I’ve seen this happen. I’ve watched developers “panel beat” code – throwing it into an GenAI assistant over and over until it works – without actually understanding why 😢

GenAI creating more “Expert Beginners”

At an entry-level, it’s tempting to lean on GenAI to generate code without fully understanding the reasoning behind it. But this risks creating a generation of developers who can assemble code but quickly plateau.

The concept of the “expert beginner” comes from Erik Dietrich’s well known article. It describes someone who appears competent – perhaps even confident – but lacks the deeper understanding necessary to progress into true expertise.

If you rely too much on GenAI code tools, you’re at real risk of getting stuck as an expert beginner.
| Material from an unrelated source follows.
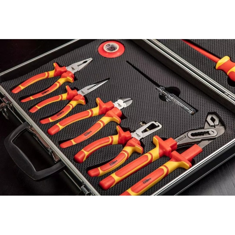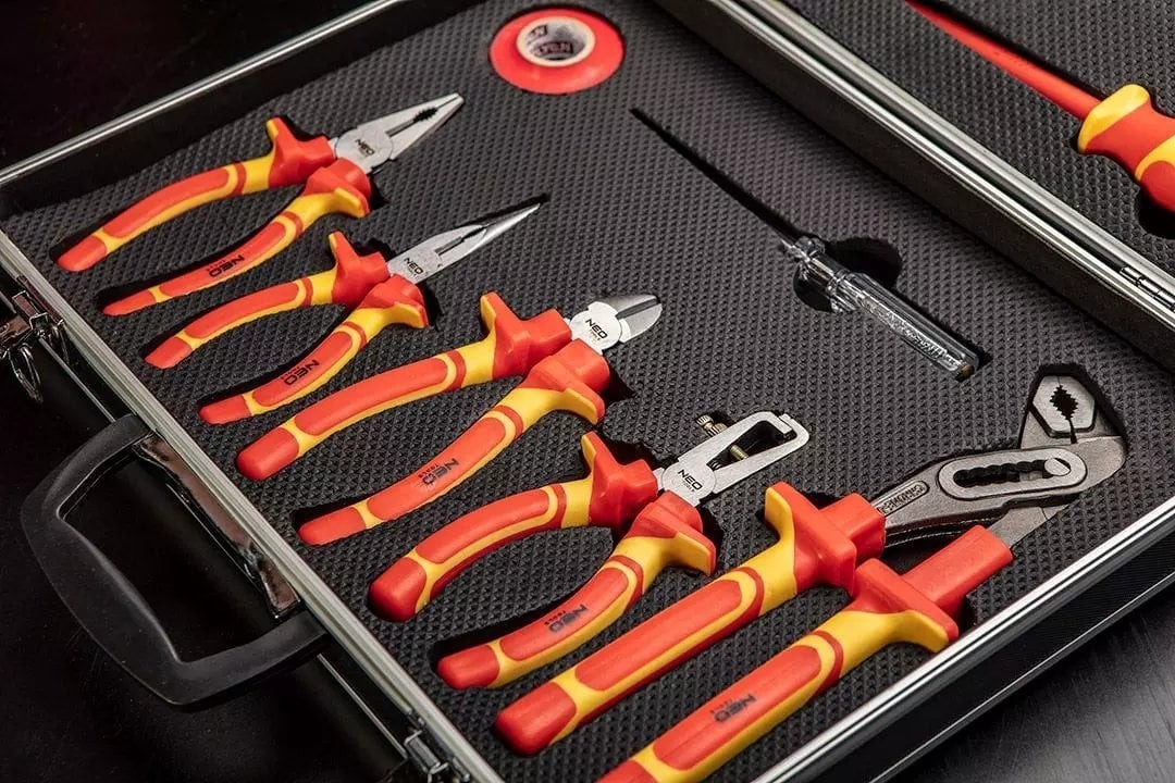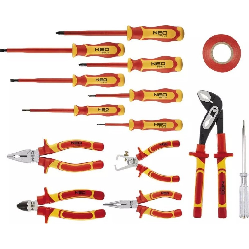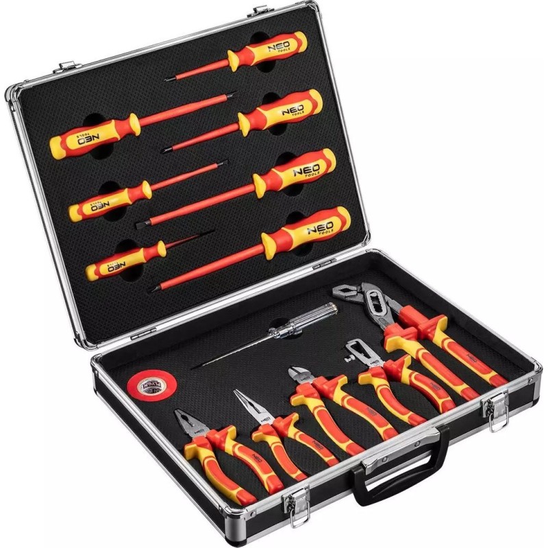 Das 1000-V-Werkzeugset NEO (Art.-Nr. 01-234) enthält 13 Teile, darunter Schraubendreher und Zangen. Zugelassen für Arbeiten unter Spannung bis 1000 V. Die Schraubendreherklingen bestehen aus besonders widerstandsfähigem Chrom-Molybdän-Stahl. Die Backen der Zangen sind aus Chrom-Vanadium-Stahl geschmiedet. Zweikomponenten-Ergogriffe erhöhen den Arbeitskomfort. Die Zuverlässigkeit des Produkts wird durch eine 25-jährige Garantie bestätigt. Die Marke NEO erfüllt die Erwartungen von Profis.
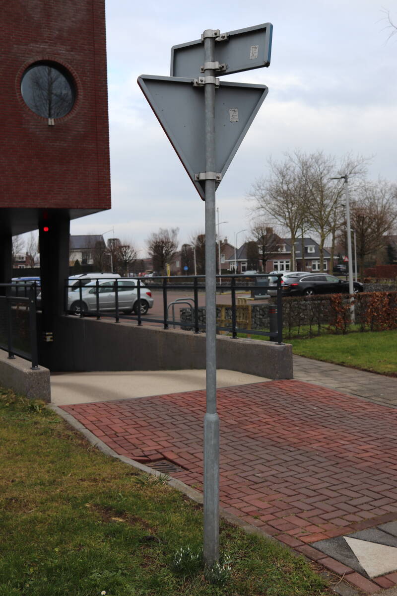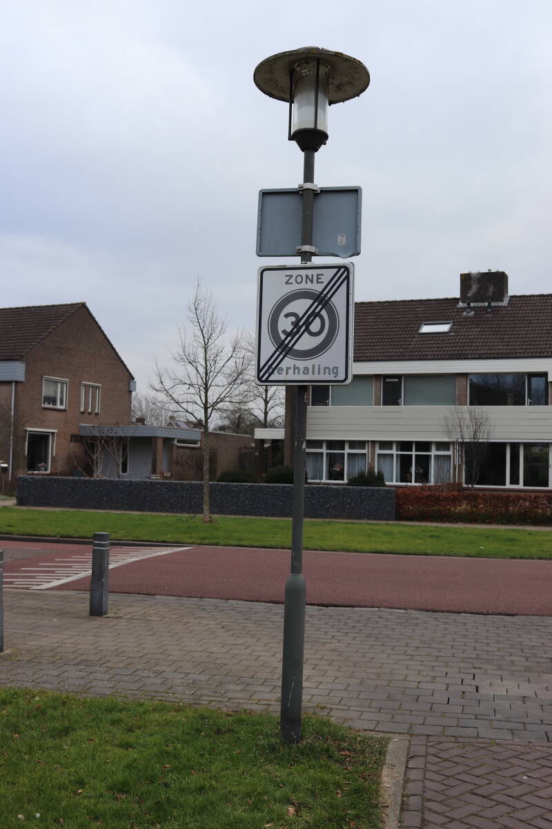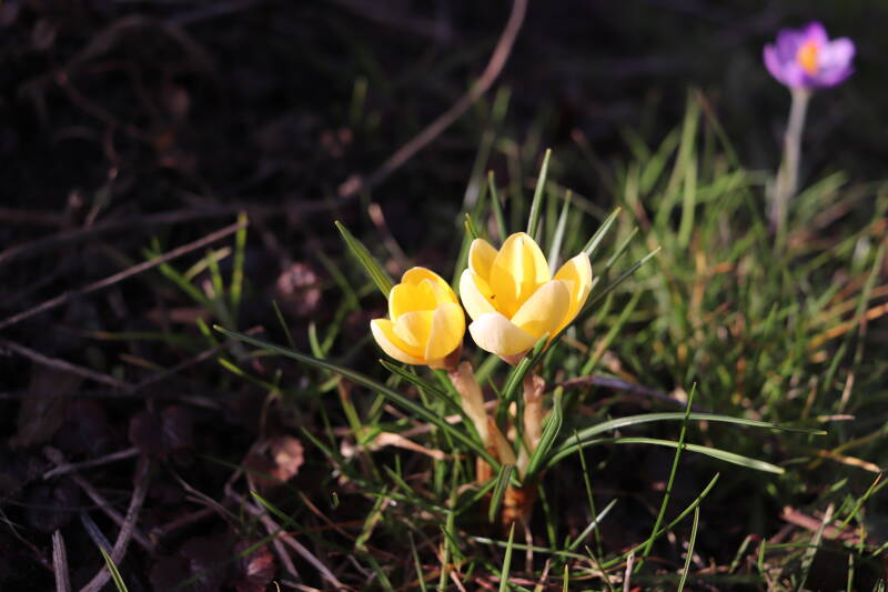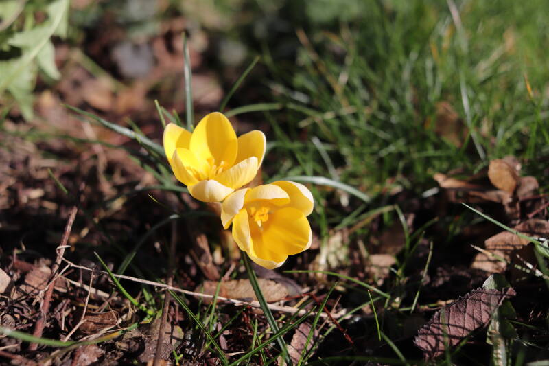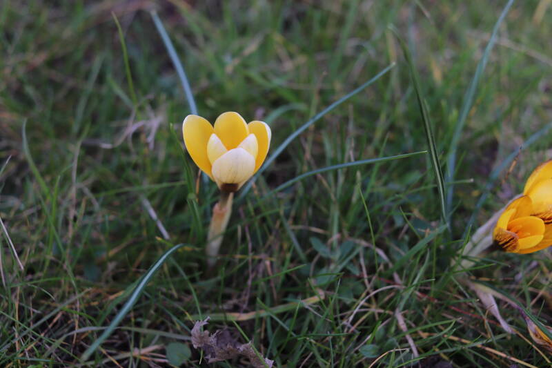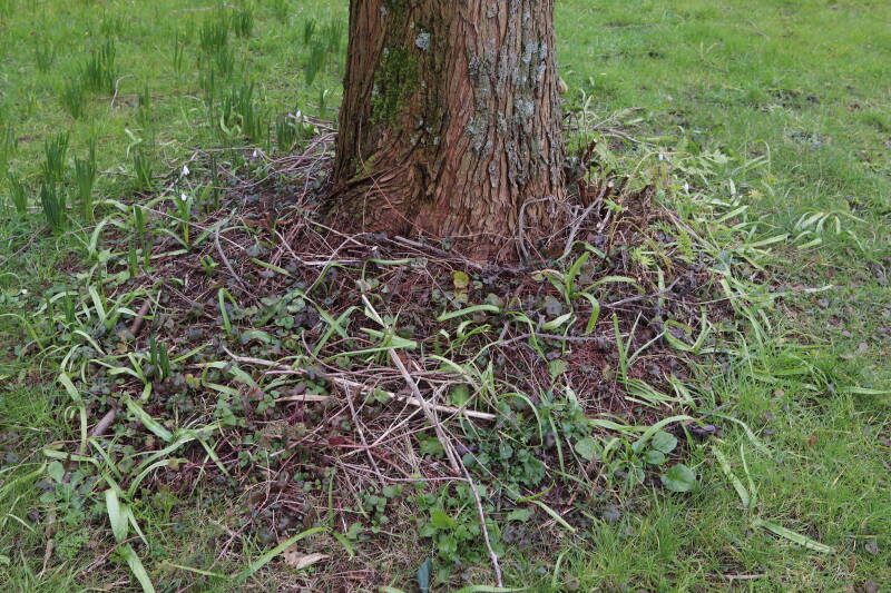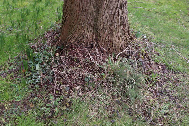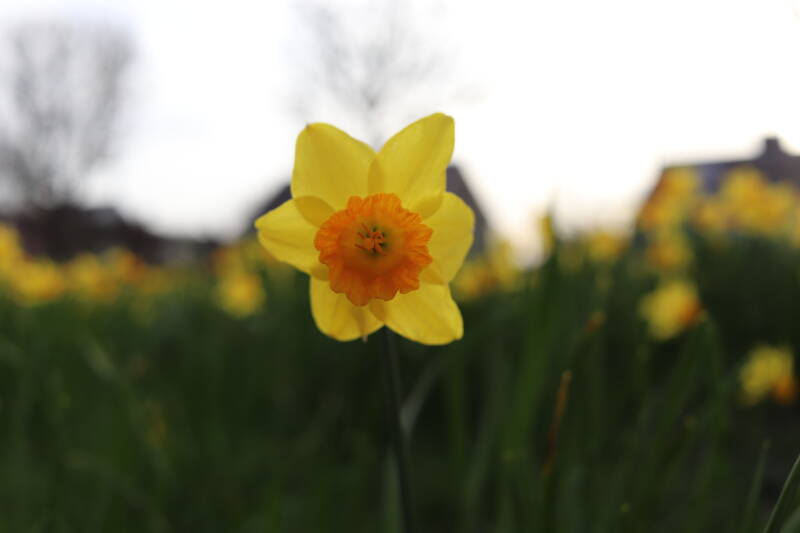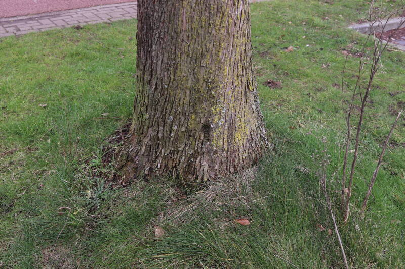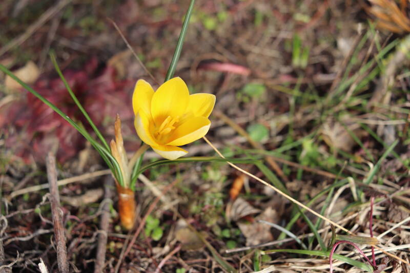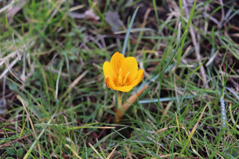 Rondom diverse bomen, bij lantaarnpalen, verkeersborden en een schrikhek is een enkele soort bollen aangeplant. Veel vroegbloeiende bollen rondom de obstakels moeten al afgestorven zijn tegen de tijd dat er periodiek zal worden gebosmaaid, om deze bollen de kans te geven zich hier te handhaven. Het beperkt de soorten die ik hier kan toepassen, maar in de toekomst wel wens uit te breiden. Ik hoop dat de bollen rondom de boomspiegels langer ongemoeid worden gelaten en de mogelijkheid krijgen voldoende reserves op te bouwen om ook de komende jaren te kunnen schitteren.

And here’s the danger: in an industry where average engineers are becoming less valuable, expert beginners are at the highest risk of being left behind.

The value of an average engineer is likely to go down

Software engineering has always been a high-value skill, but not all engineers bring the same level of value.

Kent Beck, one of the pioneers of agile development, recently reflected on his experience using GenAI tools:

Kent Beck Twitter post “I’ve been reluctant to try ChatGPT. Today I got over that reluctance. Now I understand why I was reluctant. The value of 90% of my skills just dropped to $0. The leverage for the remaining 10% went up 1000x. I need to recalibrate”

This is a wake-up call. The industry is shifting. If your only value as a developer is quickly writing pretty generic code, the harsh reality is: if you lean too heavily on AI, you’re risking making yourself redundant.

The engineers who will thrive are the ones who bring deep understanding, strong problem-solving skills, the ability to understand trade-offs and make pragmatic decisions.

My Plea…

Early in your career, your most valuable asset isn’t how quickly you can produce code – it’s how well you can think through problems, how well you can work with other people, how well you can learn from failure.

It’s a crucial time to build strong problem-solving and foundational skills. If GenAI assistants replace the process of struggling through challenges and learning from them (and from more experienced developers), and investing time to go deep into learning topics well, it risks stunting your growth, and your career.

If you’re a junior developer, my plea to you is this: don’t let GenAI tools think for you. Use them sparingly, if at all. Use them in the same way most senior developers I speak to use them – for very simple tasks, autocomplete, yak shaving4 as things stand today, the landscape continues to evolve rapidly, it. But when it comes to solving real problems, do the work yourself.

Because the developers who truly excel aren’t the ones who can generate code the fastest.

They’re the ones who problem solve the best.